One of the cases will be featured in the upcoming IFAAS exhibit Art of Forensics. The victim is believed to be an African-American girl between four and six-years-old whose skeletal remains were discovered in a wooded area in Philadelphia in 1984.

“Like this child, many victims come from marginalized groups,” Kimmerle said. “This effort is her best chance to be identified. Our goals are to raise awareness about the significant cold case problem in this county and bring as many cases up to current standards as we can.”

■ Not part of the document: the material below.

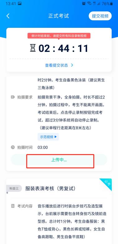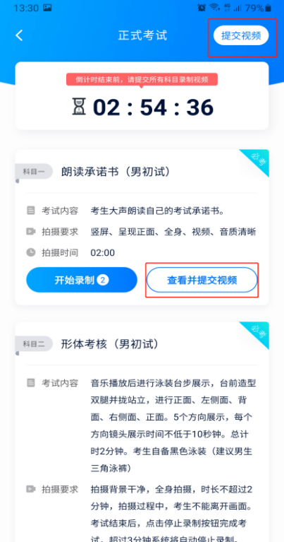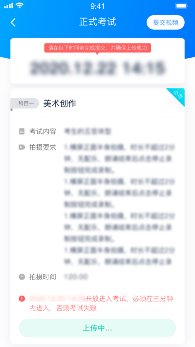 (1)考生务必在考试时间截止前提交该专业所有科目录制的视频/图片,如未在考试时间截止前提交视频/图片,则无法再提交。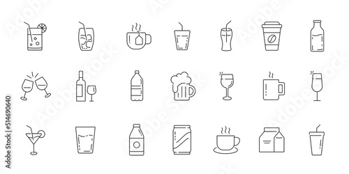 drink, glasses, alcohol, cocktail, icon, bar, beverage, juice, set, symbol, vector, wine, bottle, hot drink, line, outline, beer, champaign, cup, illustration, eatery, thin, water, pictogram, tea, mug, food, soda, signs, cold, martini, menu, design, hot, isolated, white, fresh, ice, brandy, cognac, flat, summer, barrel, celebration, whiskey, party, refreshment, pub, collection

Erin Kimmerle, PhD, associate professor of anthropology in the College of Arts and Sciences, assists investigators in Philadelphia in exhuming the unidentified bodies of homicide victims.

Twenty unidentified victims from across the country will be part of the Art of Forensics exhibit, which includes clay busts and drawings, artifacts and information about the crime scene. The exhibit is aimed at connecting the deceased with relatives and to attract potential witnesses.

This is the third Art of Forensics event in Tampa, in which has helped solve several cold cases. However, it’s the first to be part of an extensive exhibit with the theme of “violence against women.” Art of Forensics runs from Oct. 26-Nov. 25 at the Tampa Bay History Center.